| Activity |
Quote the whole listing word for word. Do not include the pictures.

| Supplied information |
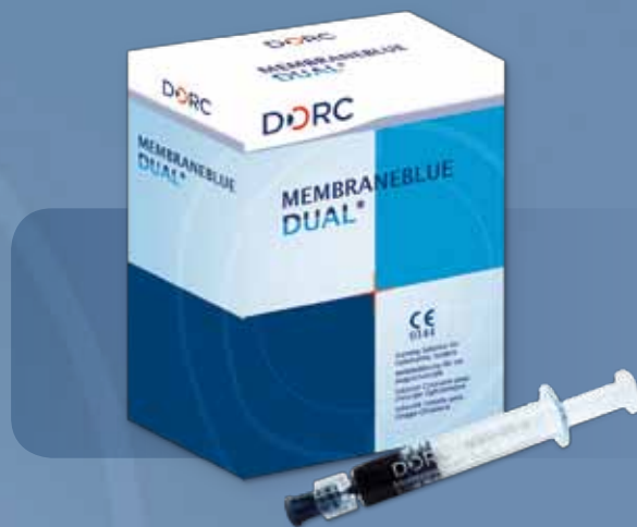
MBD.05S MembraneBlue-Dual® 0.5 ml Syringe (Sterile, box/5)
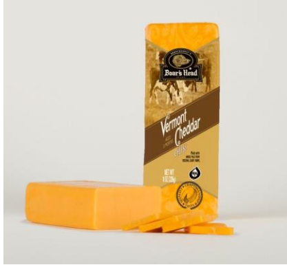
PC VERMONT YELLOW 15011 8 OZ | 10 PER CASE
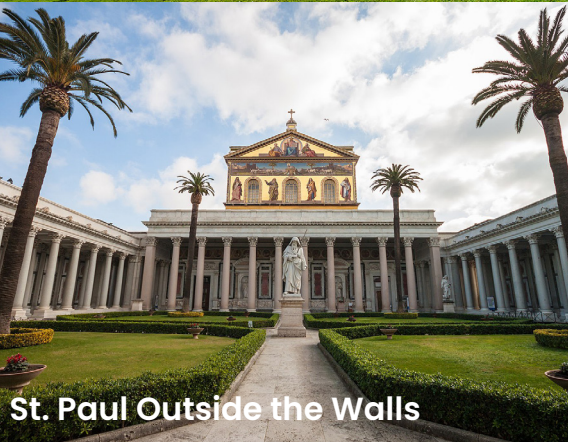
St. Paul Outside the Walls

| Result of this task |
MBD.05S MembraneBlue-Dual® 0.5 ml Syringe (Sterile, box/5)
PC VERMONT YELLOW 15011 8 OZ | 10 PER CASE
St. Paul Outside the Walls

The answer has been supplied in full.